In 1966, Brian Wilson of the Beach Boys entered the studio to compose Smile, an album that he believed would transform not just the band, but the face of popular music. What happened next – captured by writer Jules Siegel, who had spent months in the Beach Boys' inner circle – would become legend. "Goodbye Surfing, Hello God," Siegel's account of the tortured efforts to complete Smile, ran in Cheetah magazine, helping to create the legacy of Wilson's madcap genius and the mystique around rock's greatest lost album. The following is adapted from Siegel's original 1967 story, recently resurrected by The Atavist as an ebook single for the Kindle and Nook, and as a multimedia production in The Atavist iPhone/iPad app.
"I'm writing a teenage symphony to God," Brian Wilson told dinner guests on an October evening. He then played for them the collection of black acetate trial records that lay piled on the floor of his red-imitation-velvet-wallpapered bedroom with its leopard-print bedspread. In the bathroom, above the washbasin, there was a plastic color picture of Jesus Christ with trick-effect eyes that appeared to open and close when you moved your head. Sophisticate newcomers pointed it out to each other and laughed slyly, almost hoping to find a Keane painting among decorations ranging from lava lamps to a department store rack of dozens of dolls, each still in its plastic bubble container, the whole display trembling like a space-age Christmas tree to the music flowing out into the living room.
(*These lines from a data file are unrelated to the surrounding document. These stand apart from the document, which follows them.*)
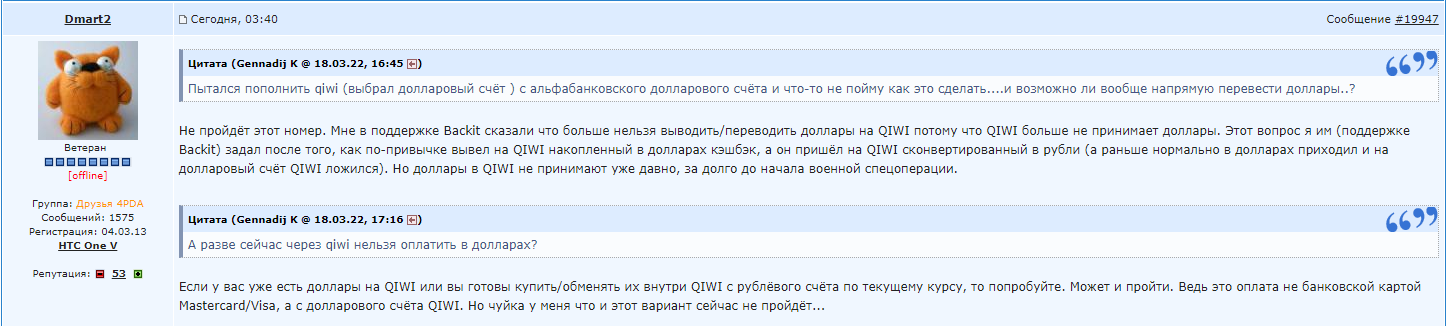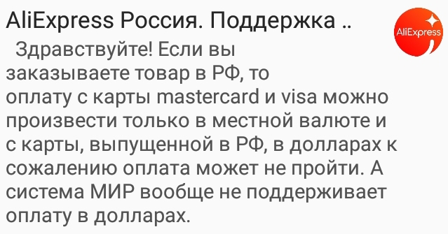 Вчера попытался купить что то с али Обосрался по полной Сам дебил Я зачем то накупил доллары и не загуглил Карту тенькофф мир не принимает Мне посоветовали через киви Я снова нихуя не прочитал заранее и стал кидать туда доллары Эти пидоры переконвентировали их в рубли и купили уже у себя Итог 15 долларов проеба И теперь у меня вопрос, а на Али так же будет? Они снова продадут мои доллары и купят на них доллары у Али по своему курсу? Последнее особенно важно Так как пидоры из киви вообще не отвечают ни на звонки ни в чате В отличие от Тенькова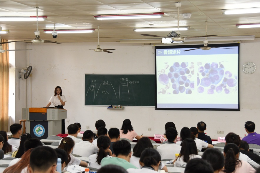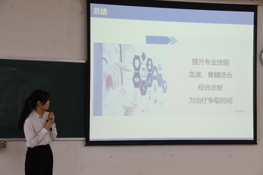 细胞形态学检验方向特色班的各参赛小组准备充分,结合生动形象的动画片、故事、病人检验报告单、细胞形态图片等素材,有条不紊地向我们展示有趣血液病案例。《牙龈闹情绪?警惕白细胞!》让大家发现小小的牙龈出血也可能是让人闻而生畏的白血病所导致,同学们体会到作为检验工作者需要认真细致,大家要不断提升专业技能,血液骨髓检查结合进行综合诊断,为患者治疗争取宝贵时间。《祸从口入:零食不能随便吃》让大家知道了蚕豆可以诱发溶血性贫血,懂得了溶血性贫血相关的实验室检查,了解到蚕豆病在日常生活中的禁忌和注意事项。各组病例构思巧妙,各具特色,有的带领观众置身侦查现场,从细胞形态寻找蛛丝马迹,探明疾病。有的从遥远的英国王室后代出血说起,讲述“尊贵”的血友病。
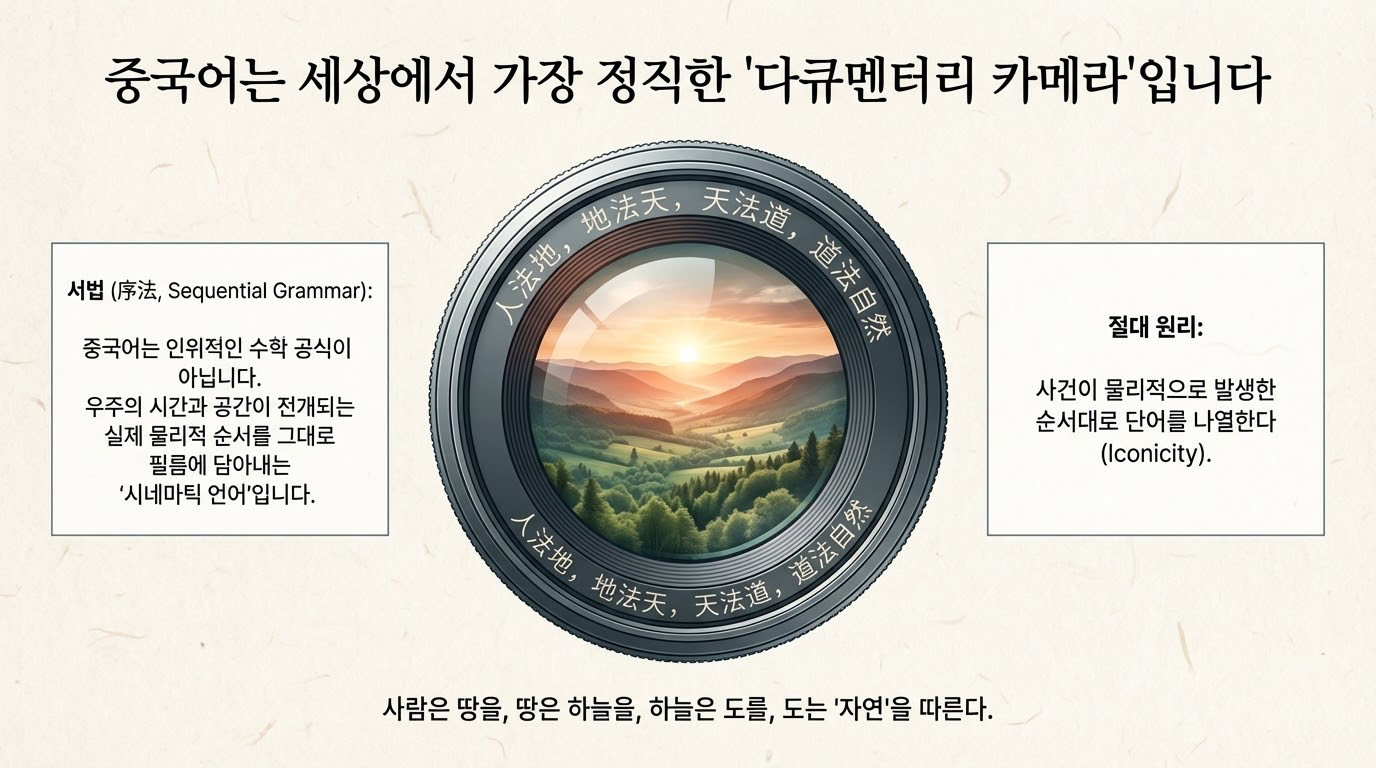 중국어 어순은 단순한 관습이 아닌 '도법자연(道法自然)'의 원리에 따라 형성된 물리적·철학적 질서의 반영입니다.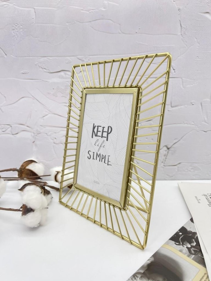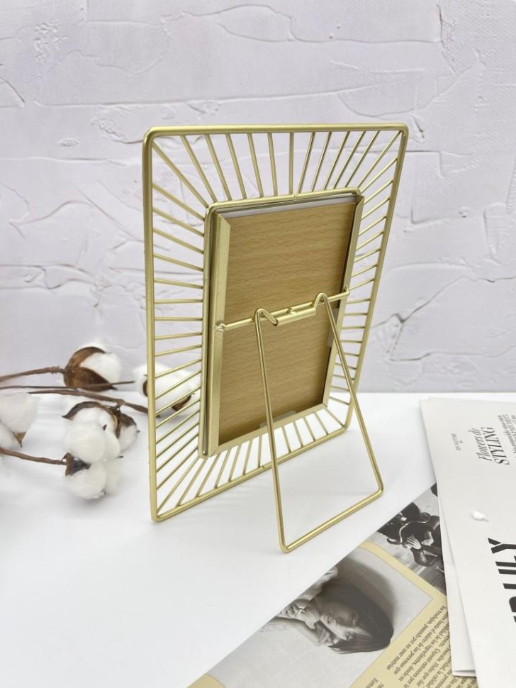 Фоторамка с золотистой проволочной окантовкой – стильный аксессуар, который станет изюминкой вашего интерьера. Металлическая рамка с эффектом "солнца" создает утонченный и изысканный вид, идеально подходящий для демонстрации ваших любимых фотографий или арт-постеров. Прекрасный выбор для оформления современной гостиной, спальни или офиса.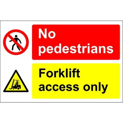 Multi-purpose signs No pedestrians forklift access only general safety sign Self adhesive sticker 300mm x 200mm Remove backing film and apply to dry, smooth, oil free surface. Digitally printed and laminated for extra durabillity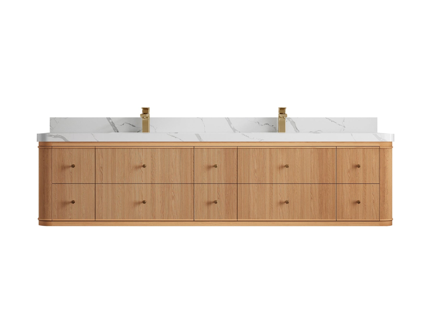 Faucet Hole(S): Comes with Single Faucet, 8 (in.) Widespread Faucet, Wall mount Faucets - Only Available for White Quartz and Carrara Quartz. (PLEASE ADD THIS CONFIGURATION UNDER COUNTERTOPS SECTION )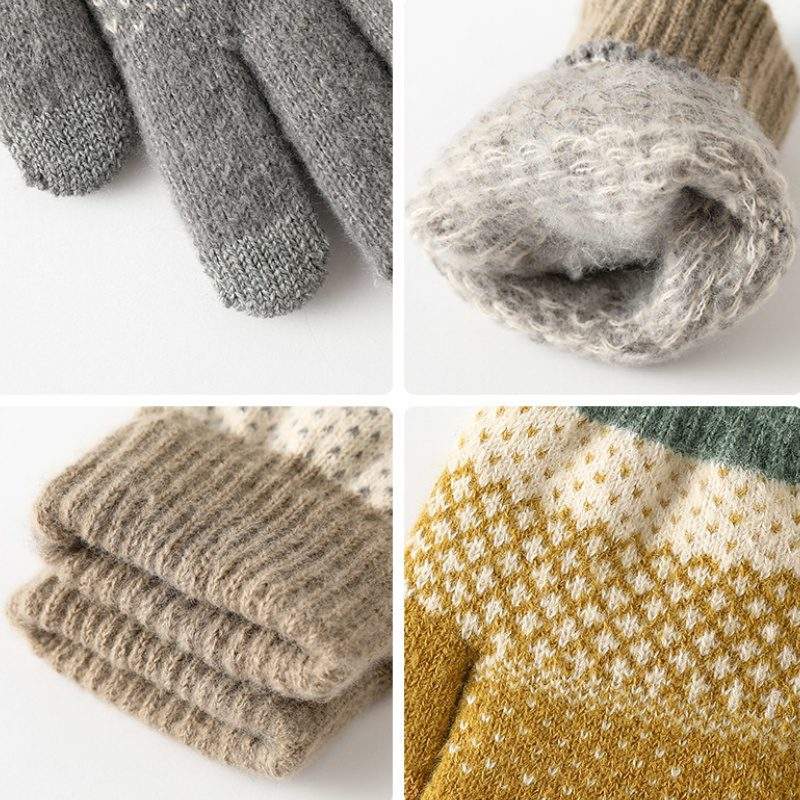 Women’s Thick Fleece-Lined Knit Gloves | Winter Warm Jacquard Finger Gloves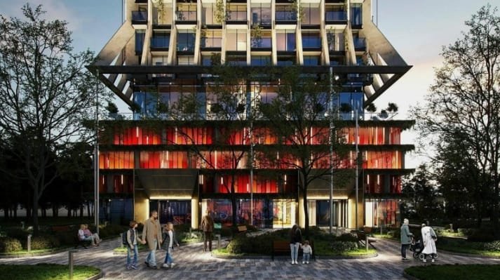 The buildings are united by a shared podium and are constructed using environmentally friendly materials and cutting-edge technology. Durable ceramic brick is used for the walls, and the façades are insulated with long-lasting thermal materials.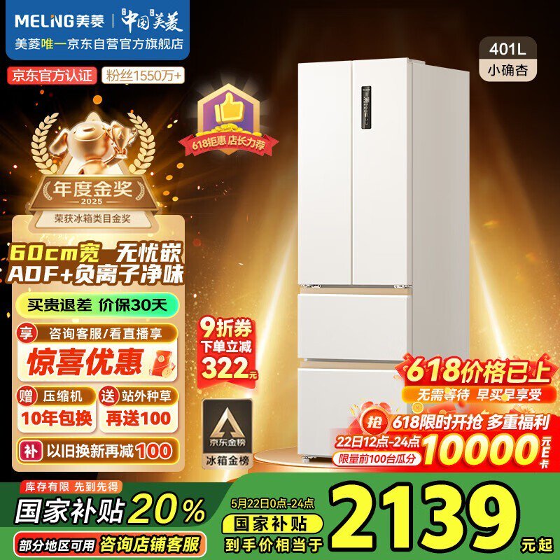 美菱小确杏401升冰箱 会员国补下单仅2308元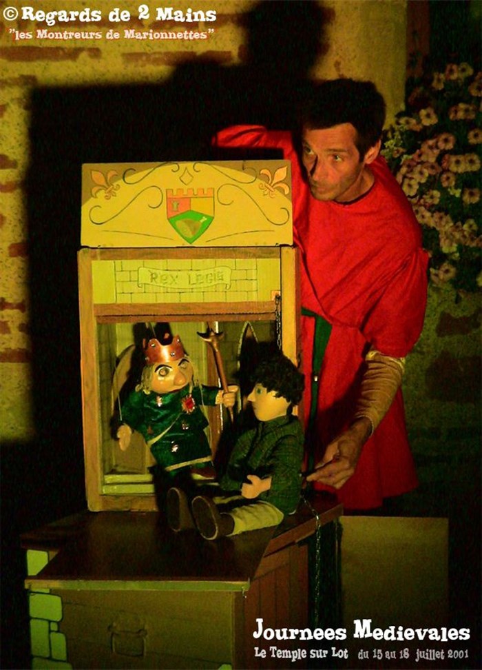 Tel un théâtre de tréteaux de l'époque, inspiré des tableaux " Les riches heurs du Duc de Berry ", le spectacle " Les montreurs de marionnettes " s'inscrit dans l'esprit du moyen âge.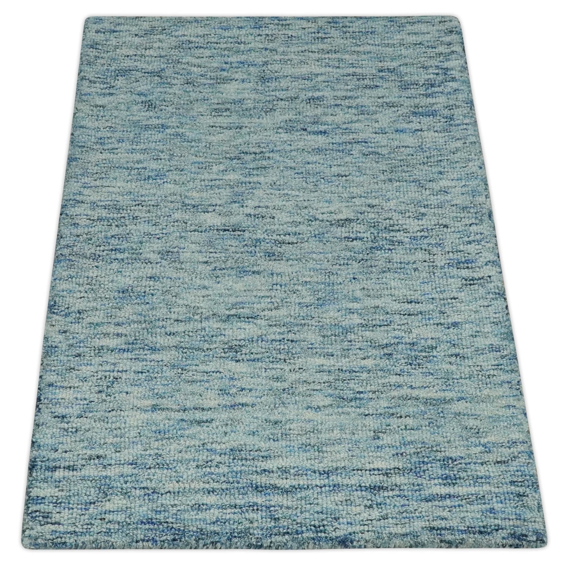 Custom Made Blue and Ivory Shaded Solid Wool Hand Woven Layering Area Rug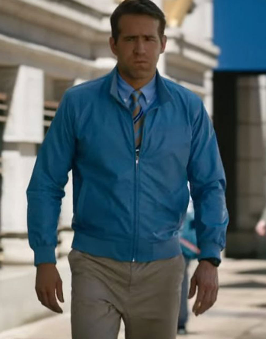 Ryan Reynolds Free Guy Blue Leather Jacket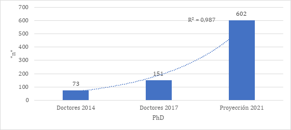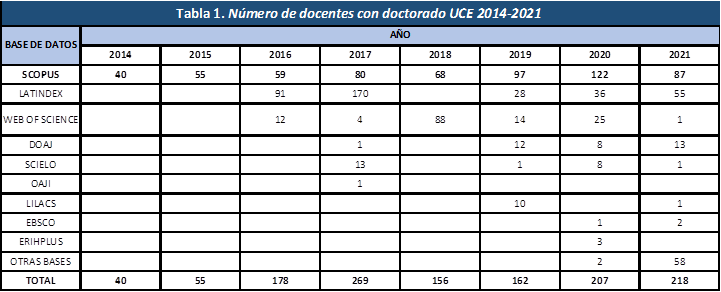 Figura 1. Número de docentes con doctorado UCE 2014-2021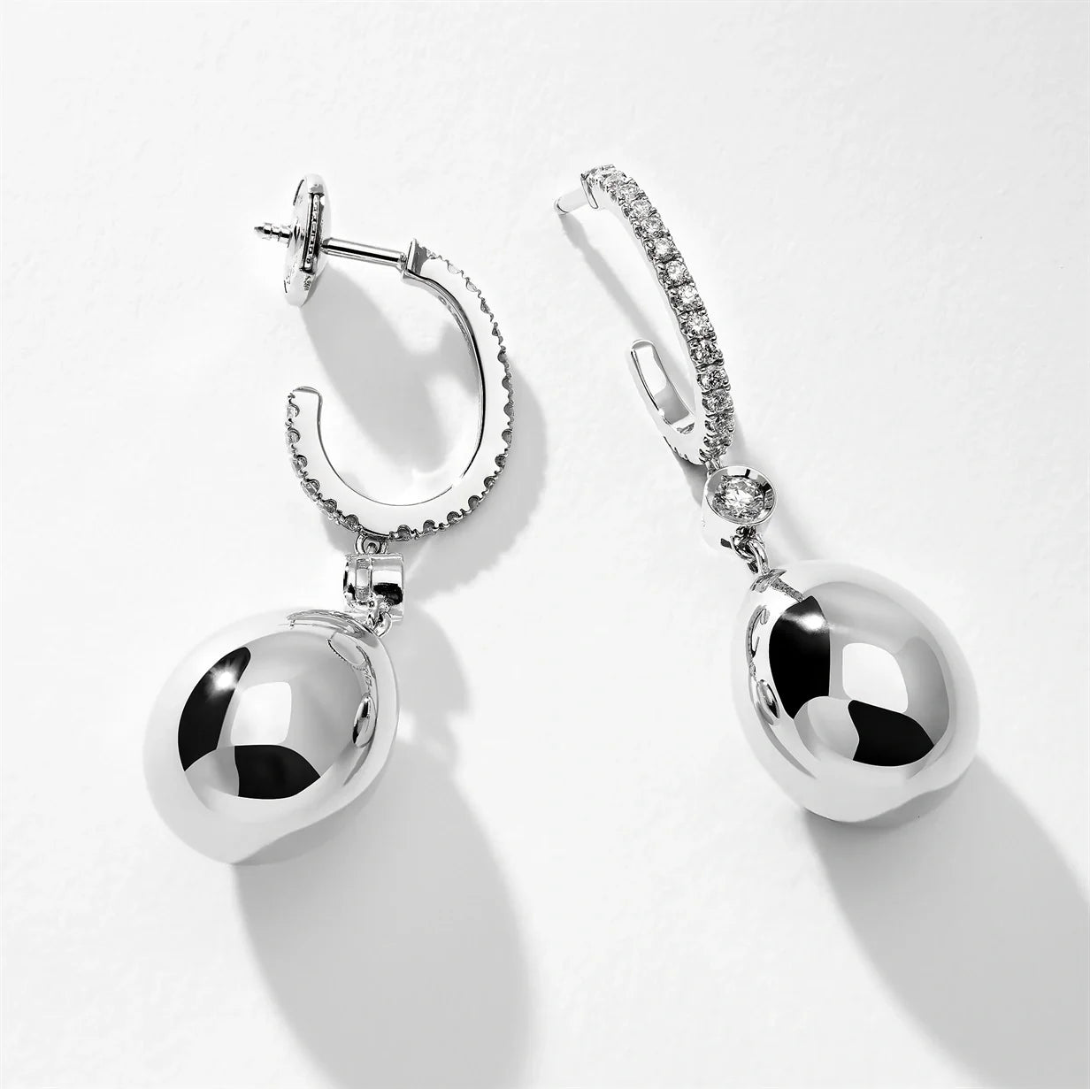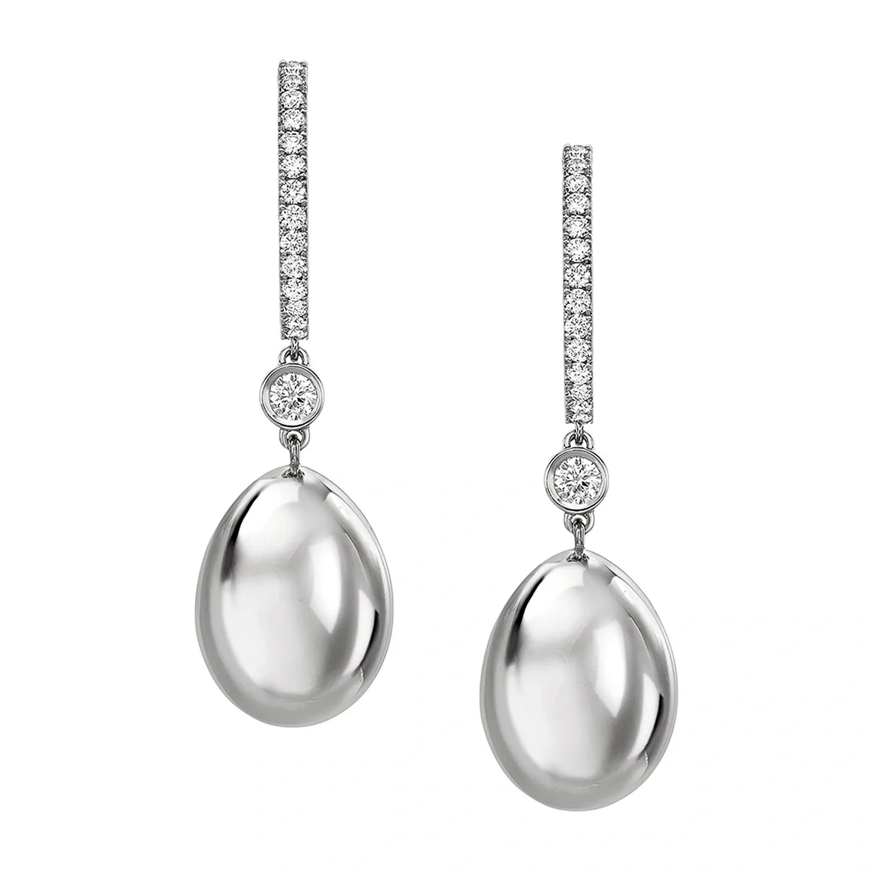 Handcrafted in 18-karat white gold with round white diamonds. The eggs measure 14mm in size.

In the kitchen, Marilyn Wilson was trying to get the meal organized and served, aided and hindered by the chattering suggestions of the guests' wives and girlfriends. When everyone was seated and waiting for the food, Brian tapped his knife idly on a white china plate.
"Listen to that," he said. "That's really great!" Everybody listened as Brian played the plate. "Come on, let's get something going here," he ordered. "Michael – do this. David – you do this." A plate-and-spoon musicale began to develop as each guest played a distinctly different technique, rhythm and melody under Brian's enthusiastic direction.
"That's absolutely unbelievable!" said Brian. "Isn't that unbelievable? That's so unbelievable I'm going to put it on the album. Michael, I want you to get a sound system up here tomorrow and I want everyone to be here tomorrow night. We're going to get this on tape." Brian Wilson's plate-and-spoon musicale never did reach the public, but only because he forgot about it. Other sounds equally strange have found their way onto his records. On Pet Sounds, for example, on some tracks there is an odd, soft, hollow percussion effect that most musicians assume is some kind of electronically transmuted drum sound – a conga drum played with a stick perhaps, or an Indian tom-tom. Actually, it's drummer Hal Blaine playing the bottom of a plastic jug that once contained Sparklettes spring water. And, of course, at the end of the record there is the strangely affecting track of a train roaring through a lonely railroad crossing as a bell clangs and Brian's dog, Banana, a beagle, and Louie, a dark brown Weimaraner, bark after it.
Earlier in the summer, Brian had hired Van Dyke Parks, a super-sophisticated young songwriter and composer, to collaborate with him on the lyrics for Smile. With Van Dyke working for him, he had a fighting chance against John Lennon, whose literary skill and Liverpudlian wit had been one of the most important factors in making the Beatles the darlings of the hip intelligentsia.
With that flank covered, Brian was ready to deal with some of the other problems of trying to become hip, the most important of which was how he was going to get in touch with some really hip people. In effect, the dinner party at the house was his first hip social event, and the star of the evening, so far as Brian was concerned, was Van Dyke Parks's manager, David Anderle, who showed up with a whole group of very hip people.